Tempête (dans un verre deau) à la Chapelle St-Pry
L’exposition de l’artiste nantais Régis Perray a été, ces derniers jours, le théâtre d’une étrange polémique. Joël Caron, porte-parole des Verts dans l’arrondissement, aussi présent que silencieux lors du vernissage de l’exposition, s’est fendu d’un communiqué pour en vilipender « l’indigence ».
Méthode curieuse pour arguments saugrenus. Les Verts, généralement peu habitués à entendre dans leurs propres rangs la diatribe des Christine Boutin, Philippe de Villers et autres progressistes, apprécieront à leur juste valeur les propos sur l’art contemporain de leur porte-parole dans le Béthunois.
Parce que je refuse l’instrumentalisation politique de l’art, j’ai souhaité laisser à l’artiste le soin de répondre sur le fond. Et comme rien ne vaut l’art de visu, je vous invite à visiter l’exposition de Régis Perray «
« Indigente », l’expo à la chapelle « Saint-Prix » ?
Joël Caron, porte-parole des Verts de l’arrondissement de Béthune, tire à boulets rouges contre l’exposition présentée actuellement à la chapelle Saint-Pry.

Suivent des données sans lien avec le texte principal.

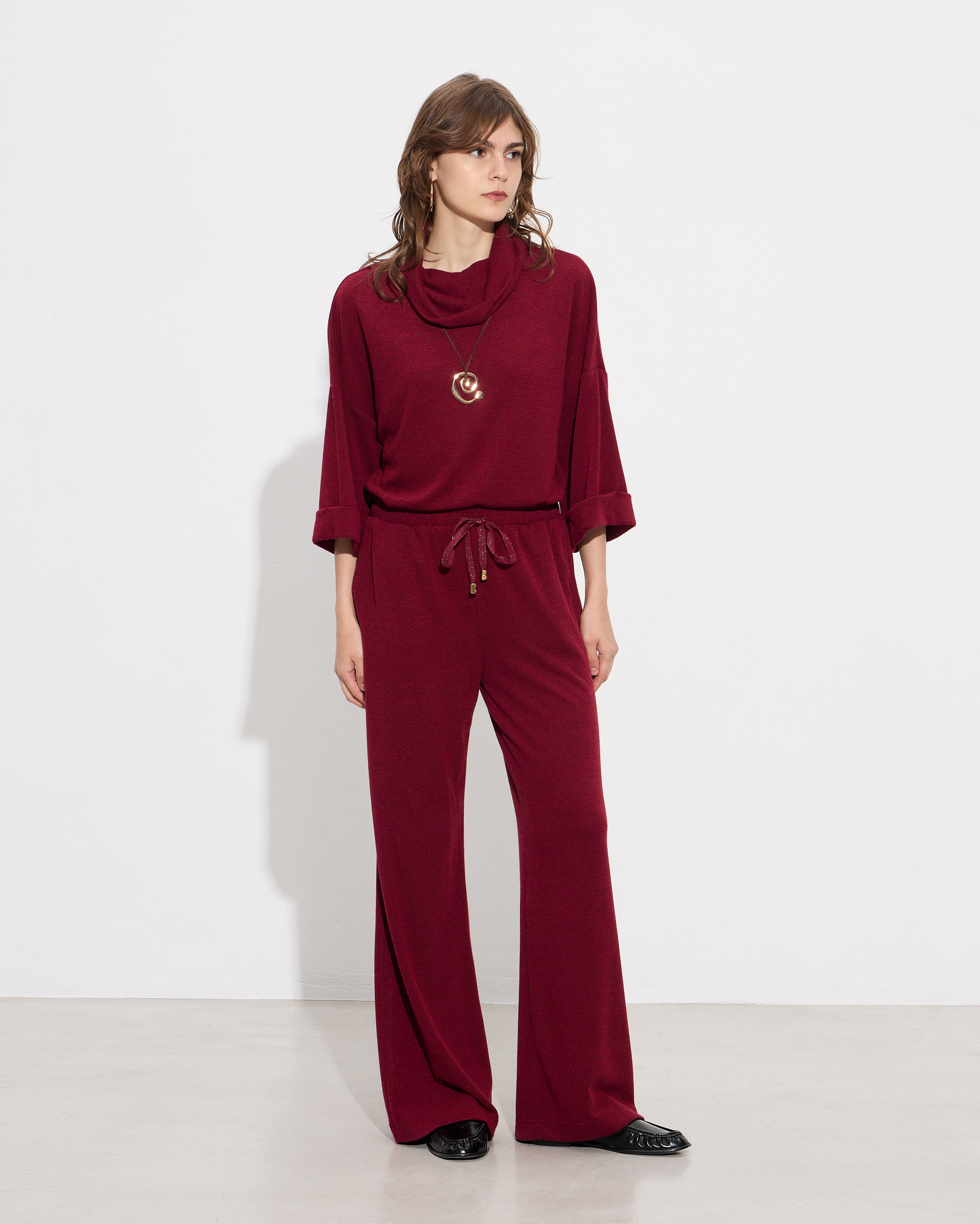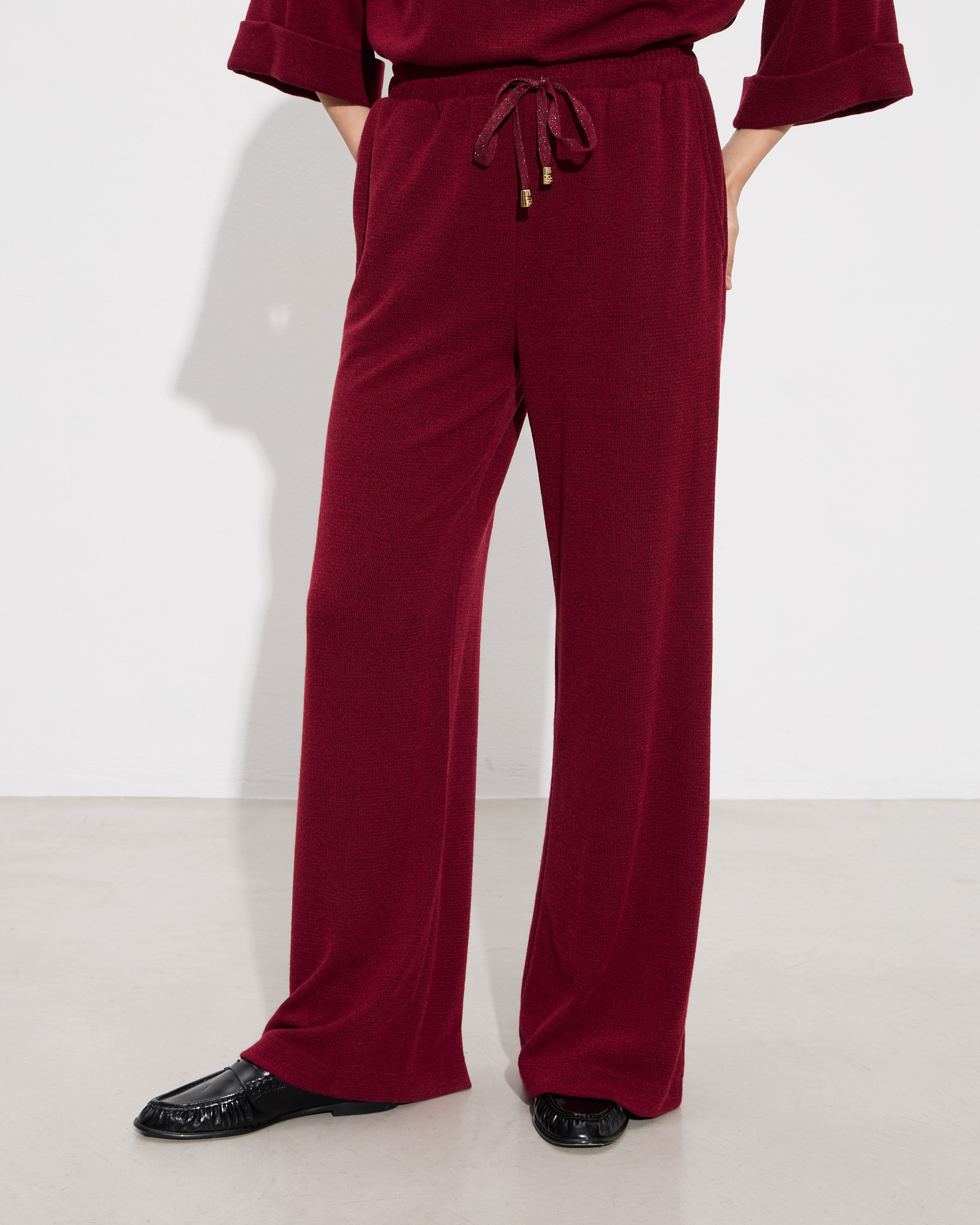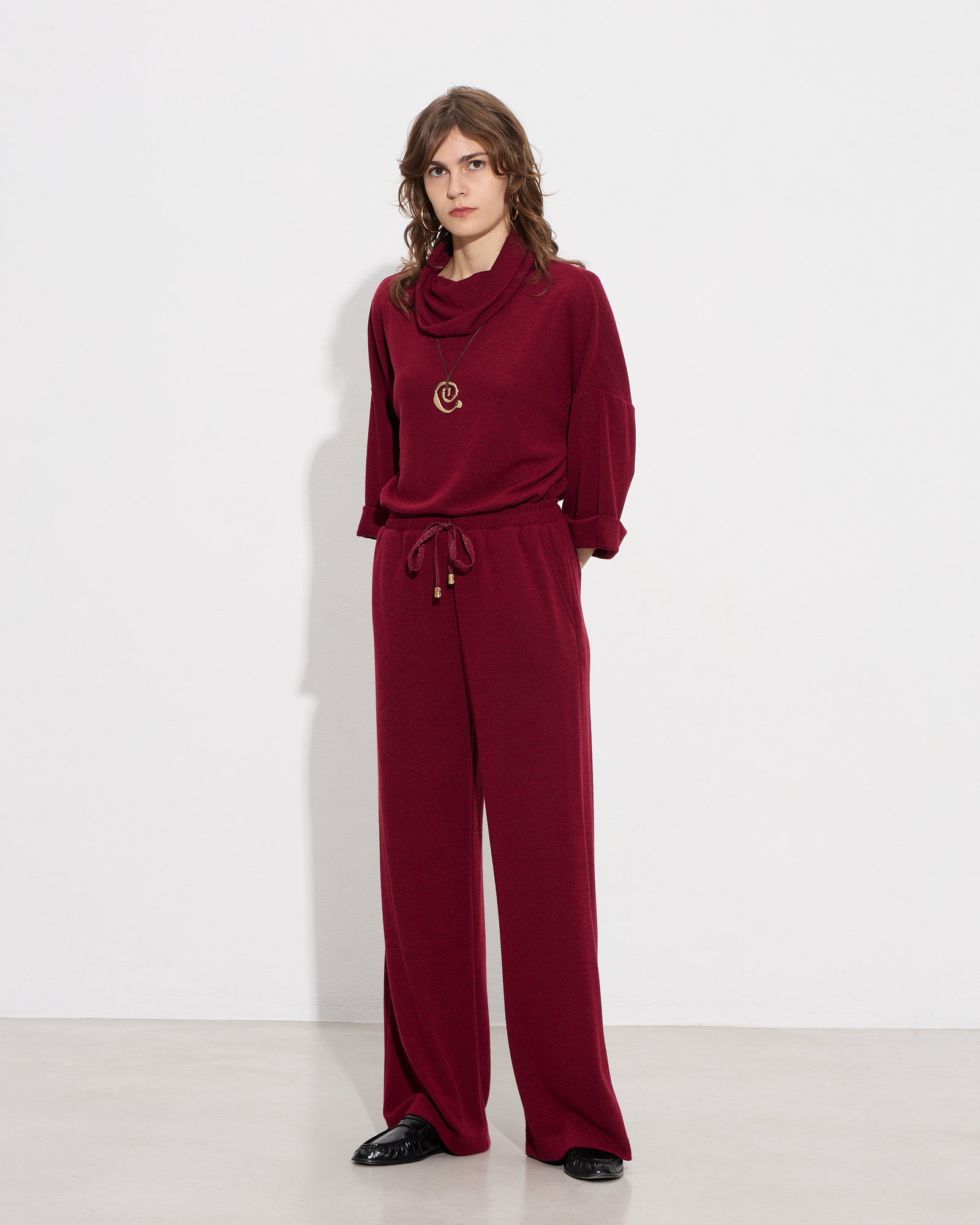 Παντελόνα πλεκτή με λάστιχο στη μέση με κορδόνι, τσέπες στο πλάι, σε ίσια γραμμή, κανονική εφαρμογή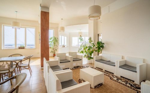 Nabízí pohodové ubytování, bazén s výhledem na moře a bohatou stravu.

Les rumeurs étaient parvenues jusqu’aux oreilles de Régis Perray. L’artiste nantais avait fait part de la « tension » qu’il avait ressentie durant l’installation de son exposition, qui avait vu défiler pléthore de mines inquiètes. « Quelqu’un répand des contre-vérités », s’était plaint l’auteur du Tuning Bach, déjà présenté à Béthune. En refusant de révéler le nom de son contempteur.
Hier, Joël Caron, porte-parole des Verts de l’arrondissement de Béthune, est sorti du bois. Et s’est ouvert au maire, par lettre interposée, de l’ire que lui inspire « La Chapelle Saint-Prix ». « Au nom des Verts, je déplore "cette" manifestation d’art contemporain. (…) Outre la vacuité et l’absence d’intérêt de l’exposition, bien que ce terme convienne mal aux extravagances offertes au regard dubitatif voire exaspéré du public, l’indigence et l’insignifiance de ce non événement qui doit pourtant coûter bien cher à la ville et à ses habitants, j’ai eu la surprise de trouver, mis à la disposition des visiteurs, deux dépliants (…) » Les documents font notamment état de la procédure à suivre, sous la forme illustrée d’une notice Ikea pour gamins, pour embusquer un tireur dans le coffre d’une voiture. « Mauvais goût », vitupère Joël Caron. Quand bien même ces réalisations ne sont pas celles de Régis Perray lui-même, mais d’un ami. Le Vert appelle au respect d’un lieu « abîmé et défiguré ». Daniel Boys, chantre de l’art contemporain à Béthune, sera-t-il du même avis ? •
L’artiste Régis Perray répond aux Verts
Après les anathèmes proférés par le porte-parole des Verts de l’arrondissement, Joël Caron, Régis Perray défend son exposition, « La chapelle Saint-Prix ».
Dans une lettre, l’artiste nantais accuse : « Je suis heureux de ne pas être des vôtres à l’approche des élections ; on peut constater que vous profitez de tout, même d’une exposition, pour vos “basses oeuvres”. Vous étiez pourtant au vernissage, vous auriez pu vous adresser à moi, mais vous n’avez pas eu cette politesse et cette volonté de dialogue. » Joël Caron a stipendié « l’indigence » et « l’insignifiance » de la création d’art contemporain. Pour un peu, Régis Perray ressusciterait une querelle des Anciens et des Modernes : « Vos méthodes sont arriérées et bien loin des gens. Même les représentants de la droite, souvent caricaturés comme opposés à l’art contemporain, sont plus ouverts d’esprits que vous. » Depuis son installation, l’exposition a suscité l’ire de Béthunois craignant une dévastation de la chapelle. « Où étiez-vous, poursuit Régis Perray, il y a quelques années, à la pose des cimaises en bois qui ont caché les vitraux ? Ou étiez-vous à la pose de ce sol en matériaux si peu écologiques sur les beaux carreaux colorés ? » L’artiste tente de retenir un mérite de la campagne de dénigrement : le buzz créé autour de l’expo. « Je compte sur vous pour bien continuer à prendre en otage mon projet pour vos intérêts personnels. Quel succès pour l’exposition ! ».